Shelter Scotland director Graeme Brown said: “Today’s runaways are tomorrow’s young homeless people.

“If we are serious about preventing homelessness then addressing why children and young people run away is essential.

“This project is early intervention in action, offering a lifeline for many young people and their families.”

The project will be based in Dundee and funded with almost £700,000 from the Big Lottery Fund for an initial three years.

Their focus will be on returning youngsters to their family homes and resolving whatever problems caused them to run away in the first place.

However, where the family breakdown is so severe that a return to the family is not possible, they will team up with other agencies to provide housing and support to make sure they have a long-term place to stay and do not become homeless or “sofa surf”, which many currently do, moving from friend to friend until they run out of options.

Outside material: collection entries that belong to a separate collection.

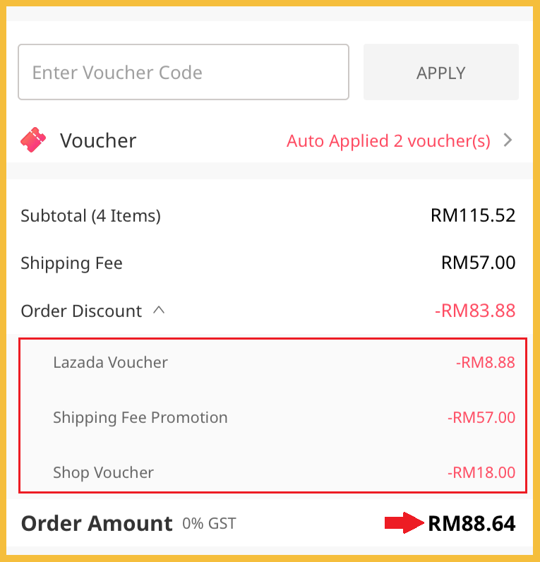 ❸ 拿完店家的折扣券再拿Lazada 送出的RM8.88 折扣券!真的是不拿白不拿啊!
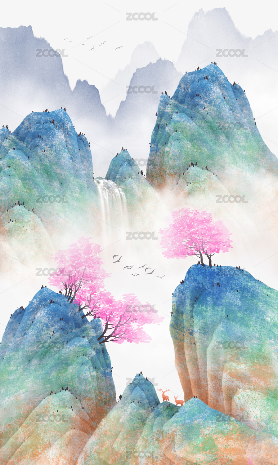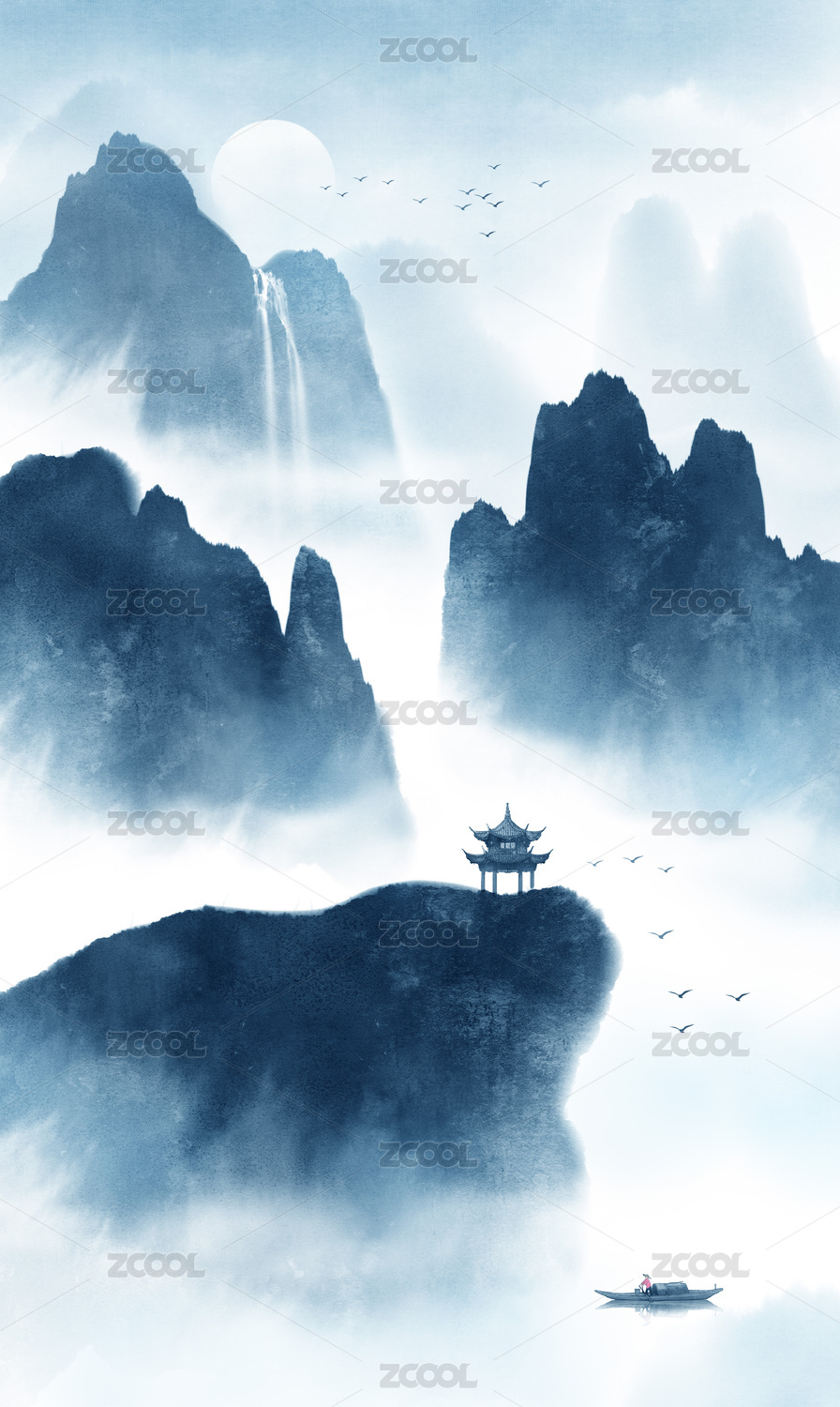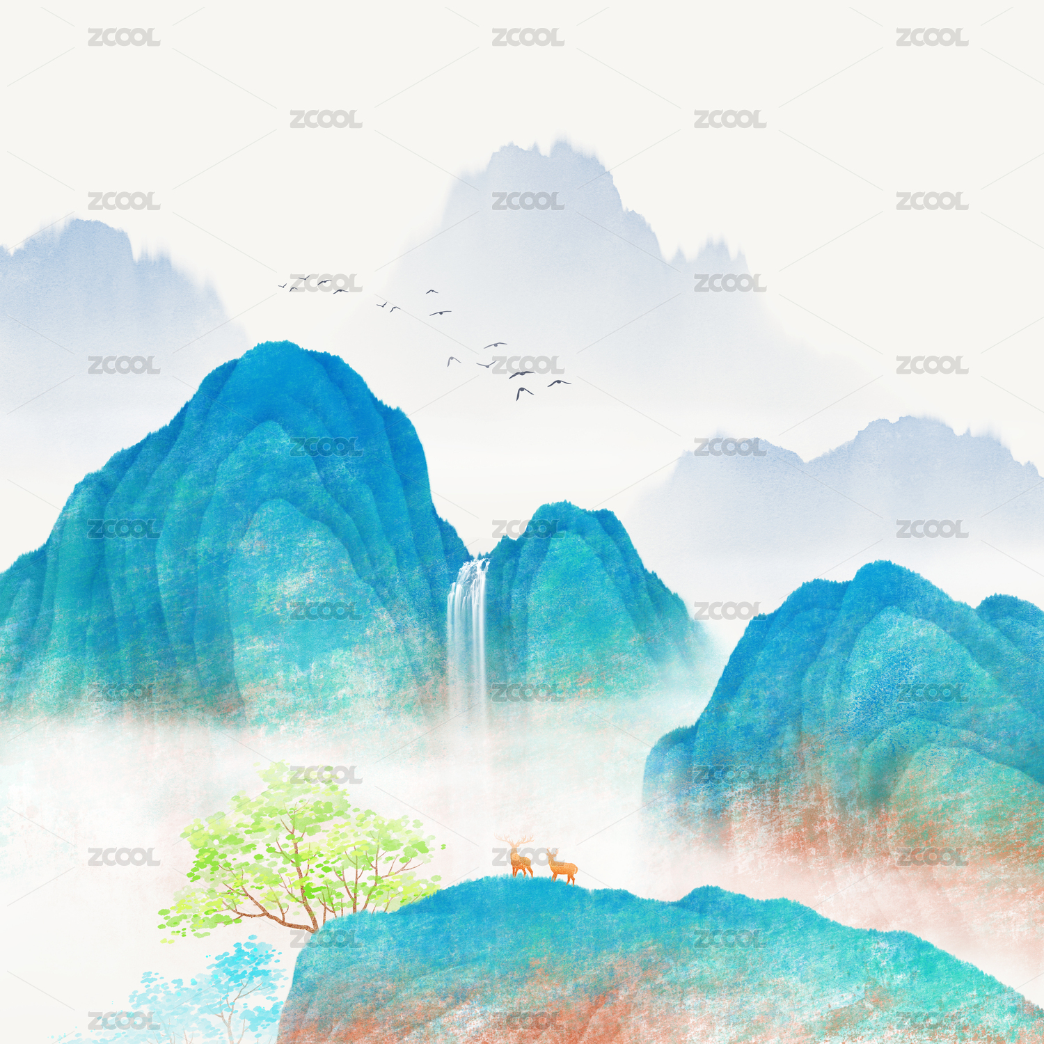 插画,山水,山水画,水墨画,山脉,风景,鸟类,装饰画,新中式风格,国风
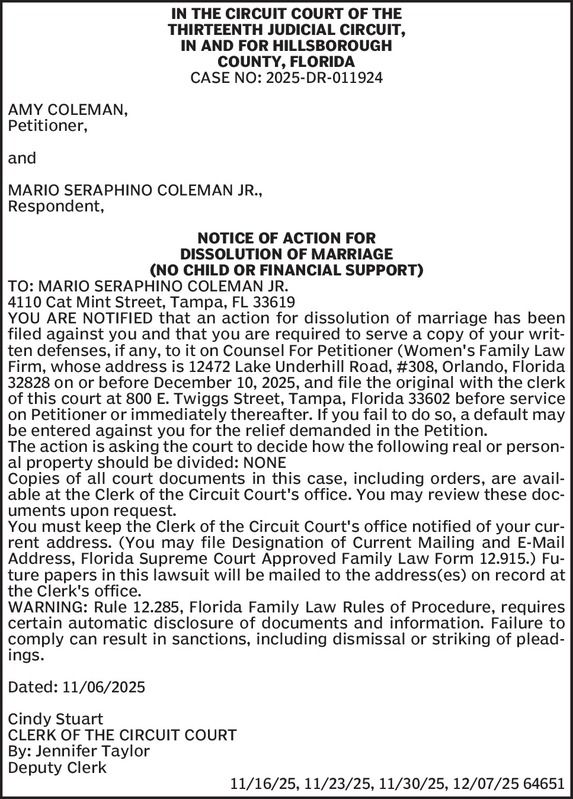 IN THE CIRCUIT COURT OF THE SIXTH JUDICIAL CIRCUITIN AND FOR PASCO COUNTY, FLORIDACASE NO.: 2025CA003487CAAXESIN RE: FORFEITURE OF:$9,379.00 in U.S. CurrencyNOTICE OF ACTIONTO: Abimael Viruet Guzma... Show more »
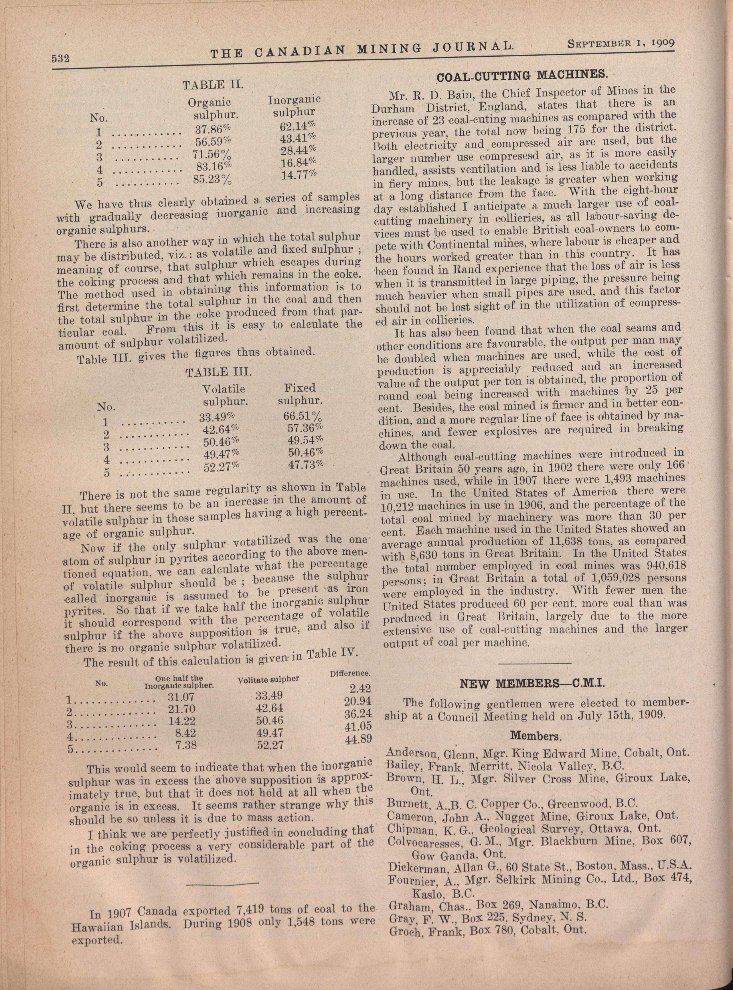 The Canadian Mining Journal : Vol. XXX, No. 17 (September 1, 1909)
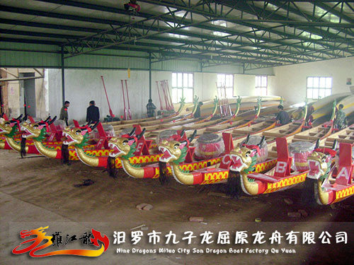 汨羅市九子龍屈原龍舟有限公司2013年成立于湘楚文化屈原圣地-----汨羅江畔。它既是龍舟競渡的源頭,又是祖輩制造龍舟的基地。廠長許桂生從事龍舟制作已有30余年歷史,為繼承祖?zhèn)髦圃忑堉鄹挥幸欢ǖ慕?jīng)驗(yàn)。我廠是全國新型混合龍舟生產(chǎn)基地;中國龍舟協(xié)會器材委員會委員;通過了ISO9001國際質(zhì)量體系認(rèn)證。本廠其獨(dú)特的制作工藝成為了非物質(zhì)文化遺產(chǎn)傳承廠家。自一九八九年開始生產(chǎn)國際標(biāo)準(zhǔn)龍舟以來,岳陽市歷屆賽事龍舟均由本廠員工生產(chǎn),湖南省岳陽九子龍龍舟公司生產(chǎn)的龍舟都是現(xiàn)任廠長負(fù)責(zé)技術(shù)和組織工人的,其產(chǎn)品曾銷往北京第六屆民運(yùn)會、上海三龍邀請賽、上海第四屆錦標(biāo)賽、吉林冬運(yùn)會。現(xiàn)在本廠融入沿海玻璃鋼技術(shù),保留了傳統(tǒng),提高了產(chǎn)品質(zhì)量,現(xiàn)生產(chǎn)各種型號國際標(biāo)準(zhǔn)龍舟及各種民間龍舟...
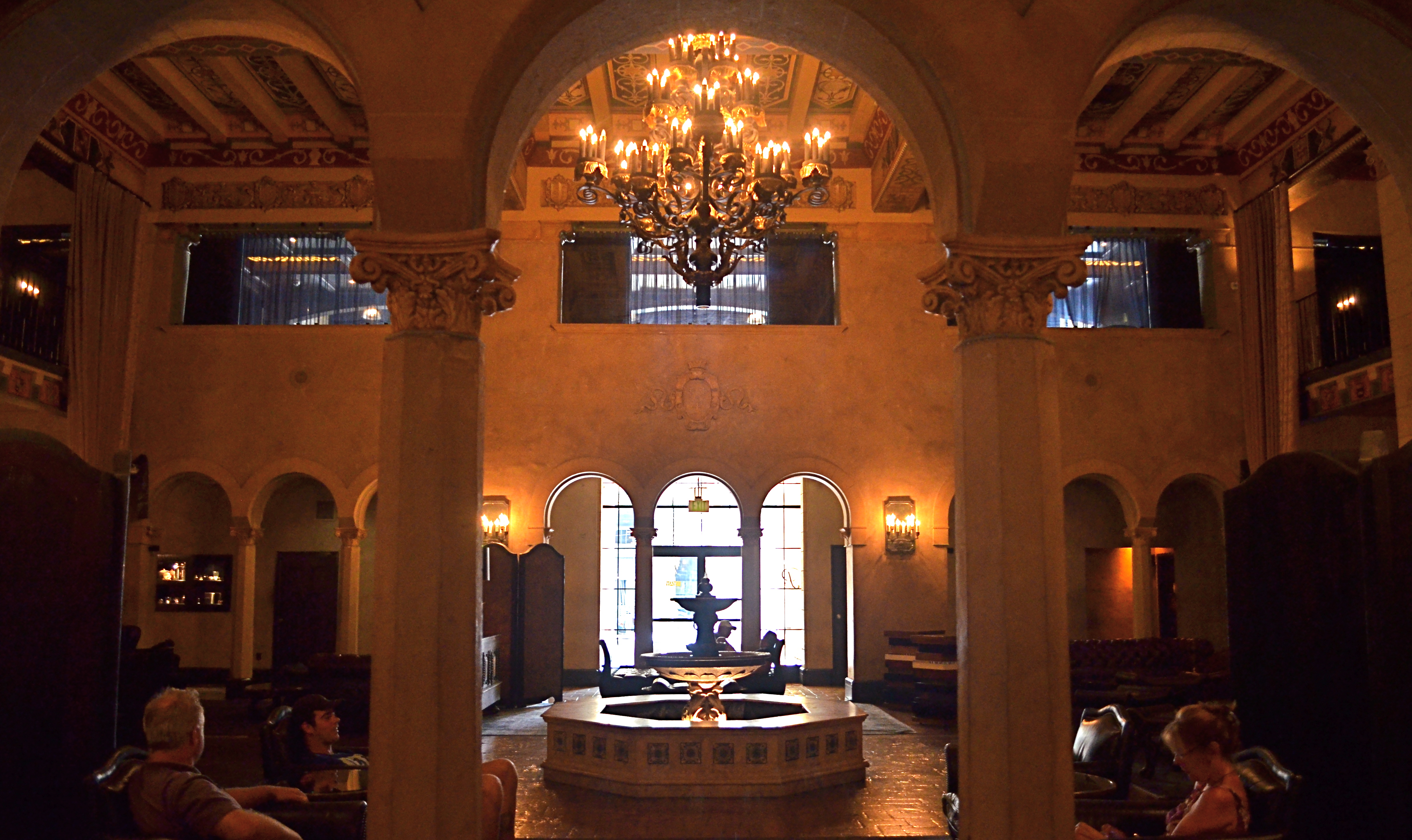 Over the decades the Roosevelt and its across-the-street neighbor the Chinese Theatre (which opened within months of the “R”‘s premiere) saw a fairly staid business district transformed into “Hollywood & Highland” (trade mark)…. Sucker Bait Central, a day-glo drag whose countless souvenir stops, IMAX pleasure palaces, low-rent novelties and neon knock-offs raised tackiness to the status of a religious movement. Meanwhile, the hotel’s crazy-quilt architectural style (‘Spanish Colonial Revival’…and, yes, there will be a test later), with its coffered ceilings, mid-century pool cabanas and wrought-iron chandeliers, was just fake-elegant enough to pass for average in a town renowned for its, er, flexible relationship with “class”. Rolling through the years with an occasional ownership transfer and the odd walk-on in movies like Beverly Hills Cop II and Catch Me If You Can, the Roosevelt has recently offered lodging as a contest prize on ABC’s Jimmy Kimmel Live!, and landed landmark status as Los Angeles Historic-Cultural Monument #545.

In some cases they will continue to live away from home, but will still have a relationship with their family.

Mr Brown said: “We look forward to working with Relationships Scotland in offering help to those who need it most and, where possible, preventing homelessness by facilitating the safe return of young runaways to their family home.

“Where this is not possible we will help them to find and keep a home of their own, while continuing to support them through the family mediation service to sustain and improve family relationships.”

“Reducing conflict and preventing young people from running away in the first place has real social benefits.”

Amy Lorimer, a family mediator with Relationships Scotland, said the service would help families to “work through their conflict and develop mutually agreed ways to move forward”.

This would strengthen family relationships “whether this means managing their relationship in one home or by living in different homes, but maintaining the support of their family”.